DIRECTIONS FOR THIS TASK >> Apart from the pictures, every record here must be copied word for word.

DATA EXCERPTS >>
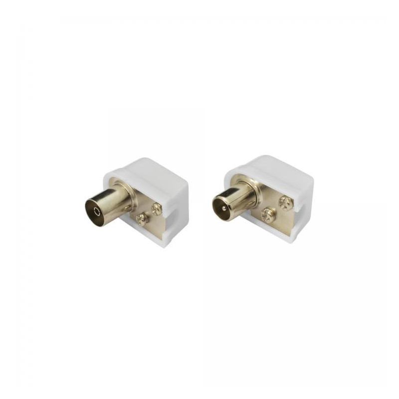 Koaksiaalühendus RF-M + RF-F 90 ° nurk Materjal: tsink Takistus: 75ohm Pistiku mõõdud: 9,5mm Värv: valge Toote kaal: 0,012 kg Kogumass: 0,014 Pakendi mõõdud: 8 x 12 x 1,5 cm
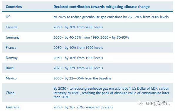 降低排放和增加溫室氣體吸收國家層面的目標(biāo)列舉
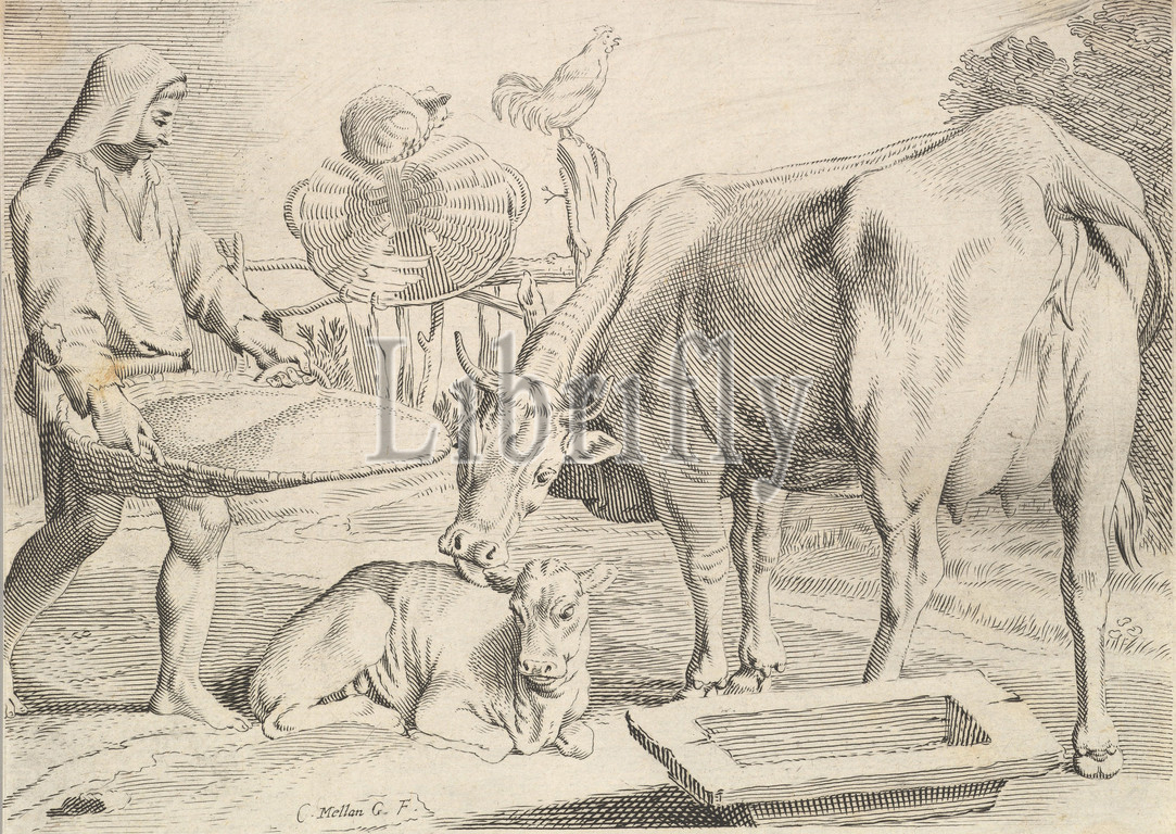 Country Scene, Peasant, Cow, Calf, Engraving, second state, two, sheet, 5 7/8 x 7 5/8, 15 19.4 cm, Prints, Claude Mellan, French, Abbeville, 1598–1688, Paris
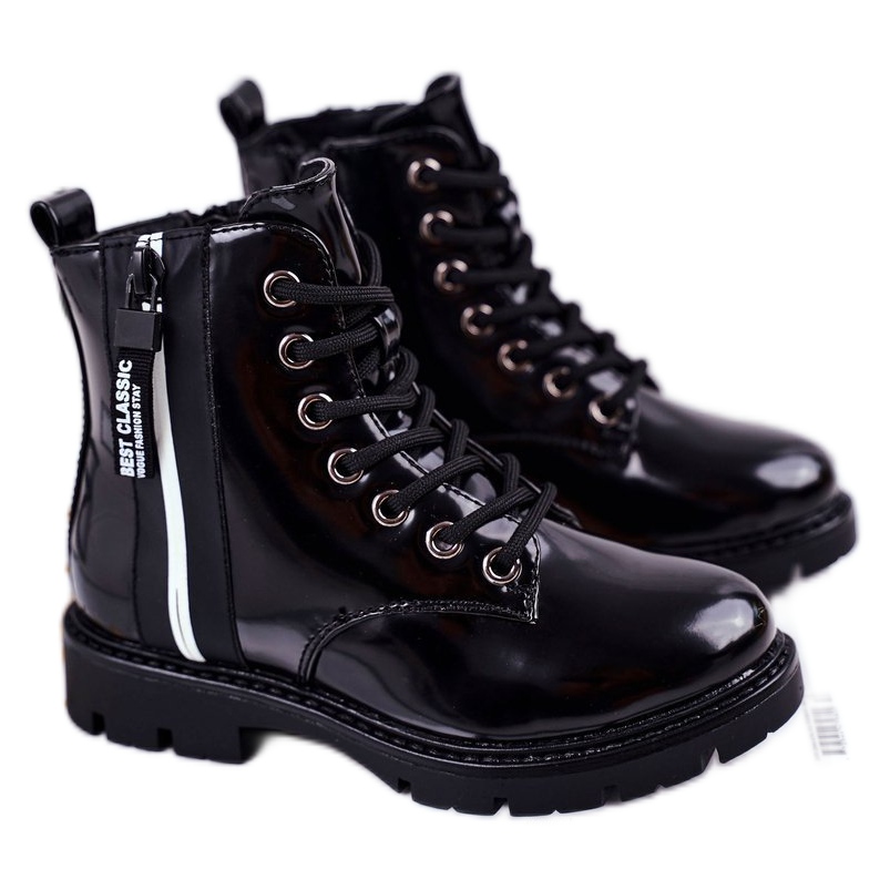 Details: Vinceza Children's Boots Warmed with a Zipper Lacquered Black Falcon
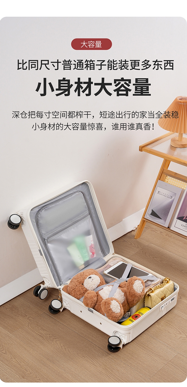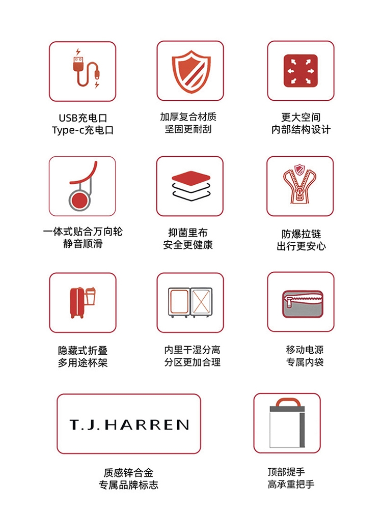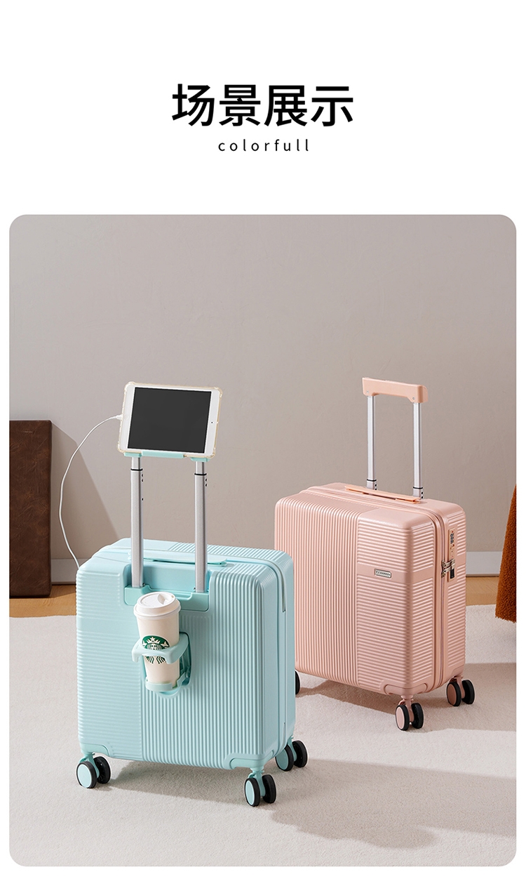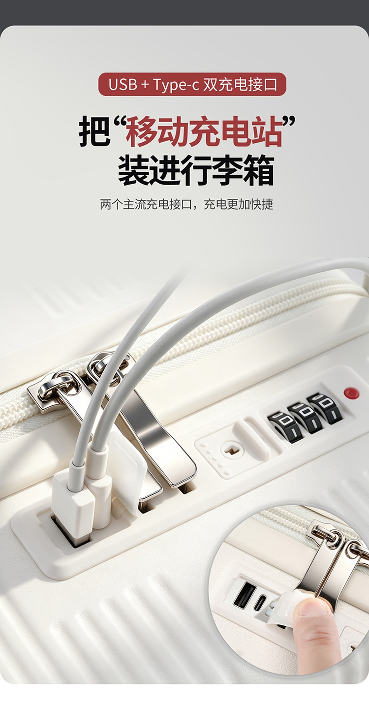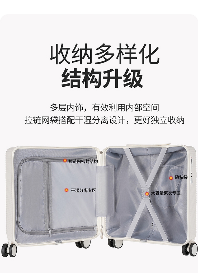 新一代人性化设计多功能拉杆箱,配置拉满,更具性价比;内里采用抑菌里布,干湿分离,分区合理;带USB及Type-C充电口,同时配置移动电源内袋
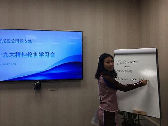 白天的肯尼亚公司办公室仍旧可以看到每个人忙碌的身影,晚上7点开始,跨越支部(来自不同支部的党员)、跨越身份(不分领导与职工,均以普通党员身份参与)、跨越地区(工地现场党员以语音连线方式参与),9名党员同志用自己业余时间精心准备的演讲稿,以精神饱满的态度结合自己的学习和认识、结合自己的工作和对公司发展的建议,分别带领大家围绕十九大报告“不忘初心,砥砺奋进”、“一带一路”、“新时代特色社会主义思想”、“开放新格局”、“新时代国际业务开展”等方面进行了深刻的学习。员工陈方琳更是用全英文为大家上了一堂生动的“贯彻十九大精神:培育和践行社会主义核心价值观的畅谈体会”。活动最后,党员同志逐名分享了自己的感想,会上气氛热烈,全体党员受益匪浅。
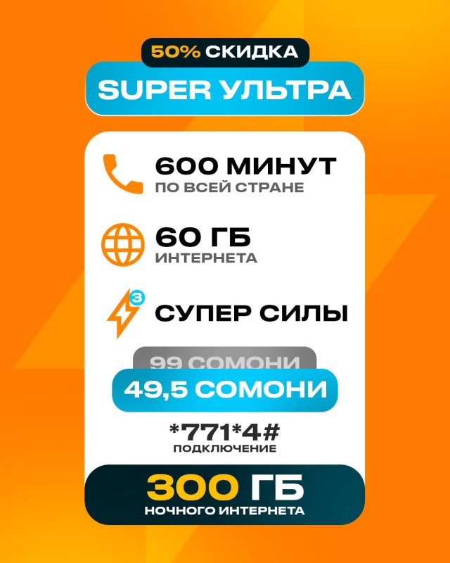 • Super Ультра — 99 сомони ➝49,50 сомони (#7714#*).
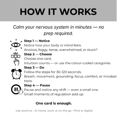 $14.9036 psychologist-designed regulation cards for anxiety, overwhelm, burnout, and stress. Somatic + cognitive tools you can use in under 5 minutes. Instant PDF + PNG download.
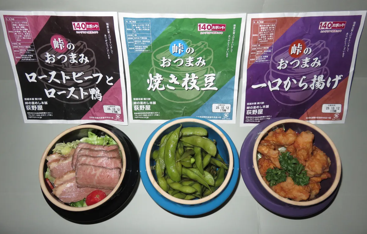 「おつまみ釜めし」の掛け紙は、それぞれの釜の色と合わせていて素敵なデザインですね😍
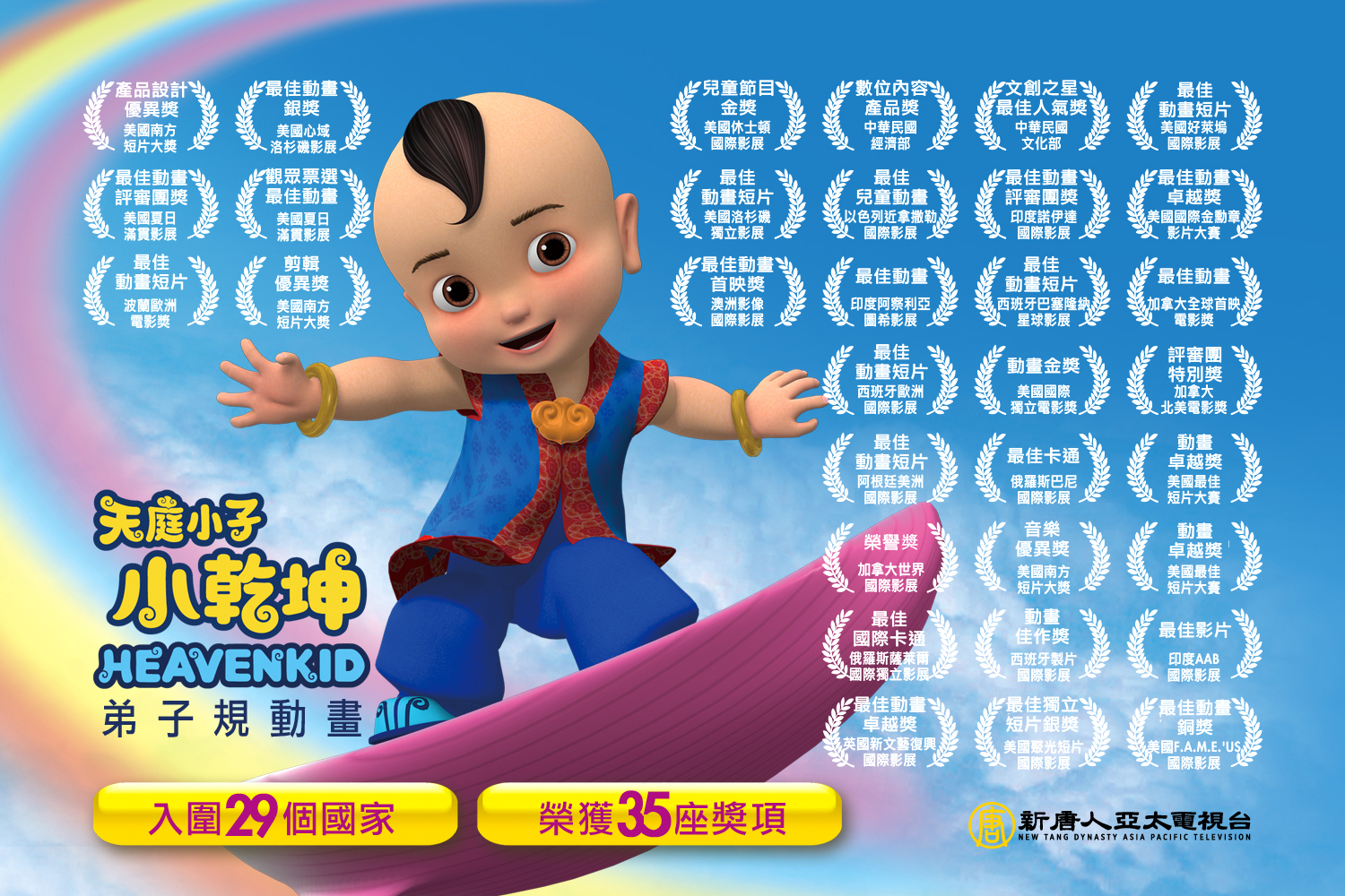 【新唐人亞太台 2017 年 03 月 24 日訊】臺灣動畫《天庭小子 小乾坤》(Heavenkid)再傳捷報!摘下美國景深國際影展春季上半年競賽「最佳動畫短片」(Depth Of Field International Film Festival)。
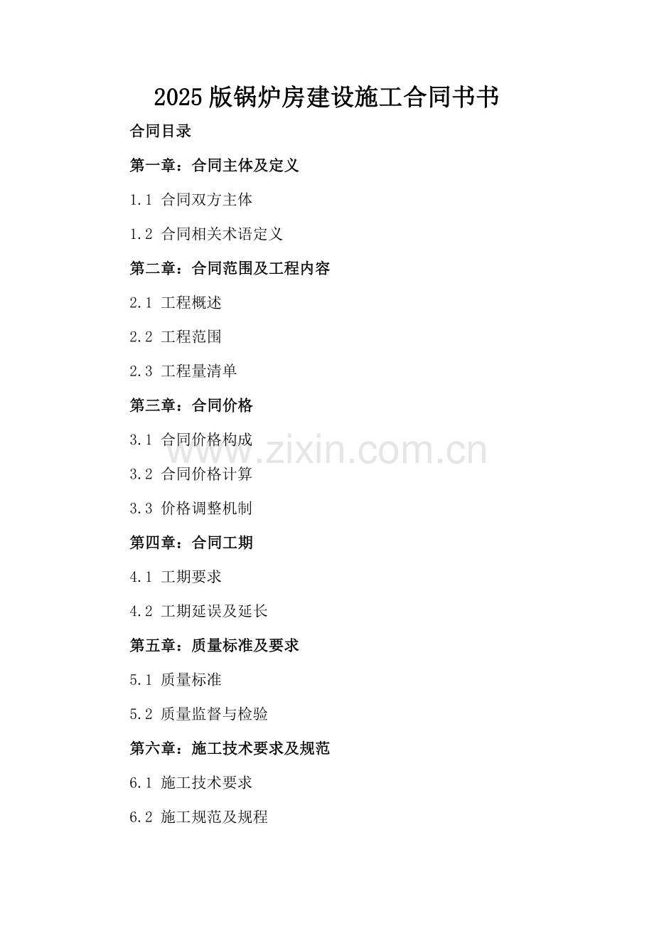 2025版锅炉房建设施工合同书书
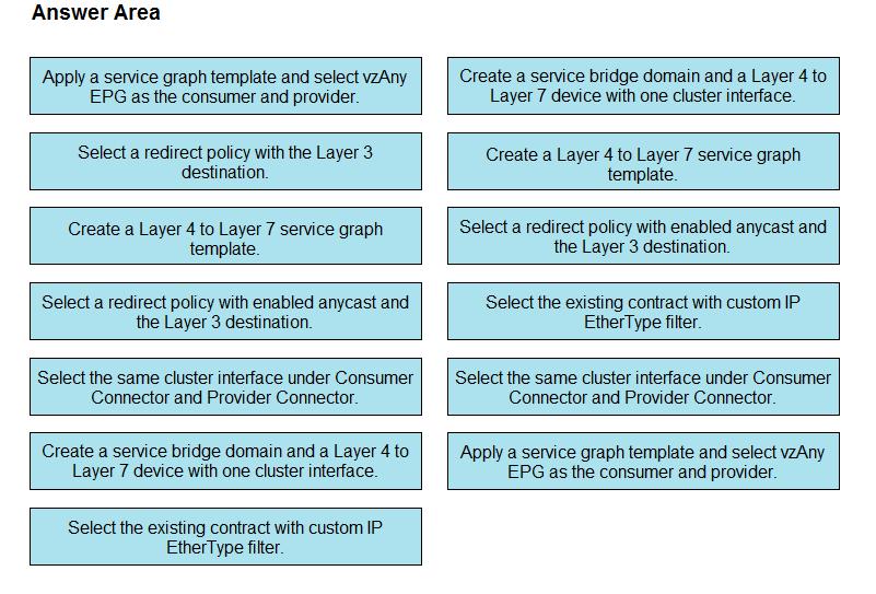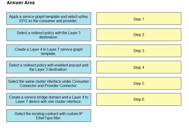 Refer to the exhibit. A Cisco ACI fabric is newly deployed, and the security team requires more visibility of all inter EPG traffic flows. All traffic in a VRF must be forwarded to an existing firewall pair. During failover, the standby firewall must continue to use the same IP and MAC as the primary firewall. Drag and drop the steps from the left into the implementation order on the right to configure the service graph that meets the requirements. (Not all steps are used.)
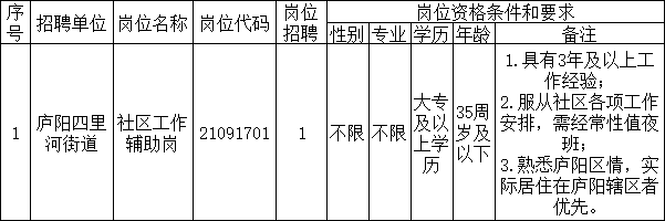 因工作需要,經(jīng)研究同意,委托遠(yuǎn)創(chuàng)人力資源管理集團(tuán)有限公司,公開(kāi)招聘廬陽(yáng)區(qū)四里河街道社區(qū)工作輔助崗人員1名?,F(xiàn)就有關(guān)事項(xiàng)公告如下:

EXERCISE RESULT >>
 Koaksiaalühendus RF-M + RF-F 90 ° nurk Materjal: tsink Takistus: 75ohm Pistiku mõõdud: 9,5mm Värv: valge Toote kaal: 0,012 kg Kogumass: 0,014 Pakendi mõõdud: 8 x 12 x 1,5 cm
 降低排放和增加溫室氣體吸收國家層面的目標(biāo)列舉
 Country Scene, Peasant, Cow, Calf, Engraving, second state, two, sheet, 5 7/8 x 7 5/8, 15 19.4 cm, Prints, Claude Mellan, French, Abbeville, 1598–1688, Paris
 Details: Vinceza Children's Boots Warmed with a Zipper Lacquered Black Falcon
 新一代人性化设计多功能拉杆箱,配置拉满,更具性价比;内里采用抑菌里布,干湿分离,分区合理;带USB及Type-C充电口,同时配置移动电源内袋
 白天的肯尼亚公司办公室仍旧可以看到每个人忙碌的身影,晚上7点开始,跨越支部(来自不同支部的党员)、跨越身份(不分领导与职工,均以普通党员身份参与)、跨越地区(工地现场党员以语音连线方式参与),9名党员同志用自己业余时间精心准备的演讲稿,以精神饱满的态度结合自己的学习和认识、结合自己的工作和对公司发展的建议,分别带领大家围绕十九大报告“不忘初心,砥砺奋进”、“一带一路”、“新时代特色社会主义思想”、“开放新格局”、“新时代国际业务开展”等方面进行了深刻的学习。员工陈方琳更是用全英文为大家上了一堂生动的“贯彻十九大精神:培育和践行社会主义核心价值观的畅谈体会”。活动最后,党员同志逐名分享了自己的感想,会上气氛热烈,全体党员受益匪浅。
 • Super Ультра — 99 сомони ➝49,50 сомони (#7714#*).
 $14.9036 psychologist-designed regulation cards for anxiety, overwhelm, burnout, and stress. Somatic + cognitive tools you can use in under 5 minutes. Instant PDF + PNG download.
 「おつまみ釜めし」の掛け紙は、それぞれの釜の色と合わせていて素敵なデザインですね😍
 【新唐人亞太台 2017 年 03 月 24 日訊】臺灣動畫《天庭小子 小乾坤》(Heavenkid)再傳捷報!摘下美國景深國際影展春季上半年競賽「最佳動畫短片」(Depth Of Field International Film Festival)。
 2025版锅炉房建设施工合同书书
 Refer to the exhibit. A Cisco ACI fabric is newly deployed, and the security team requires more visibility of all inter EPG traffic flows. All traffic in a VRF must be forwarded to an existing firewall pair. During failover, the standby firewall must continue to use the same IP and MAC as the primary firewall. Drag and drop the steps from the left into the implementation order on the right to configure the service graph that meets the requirements. (Not all steps are used.)
 因工作需要,經(jīng)研究同意,委托遠(yuǎn)創(chuàng)人力資源管理集團(tuán)有限公司,公開(kāi)招聘廬陽(yáng)區(qū)四里河街道社區(qū)工作輔助崗人員1名?,F(xiàn)就有關(guān)事項(xiàng)公告如下:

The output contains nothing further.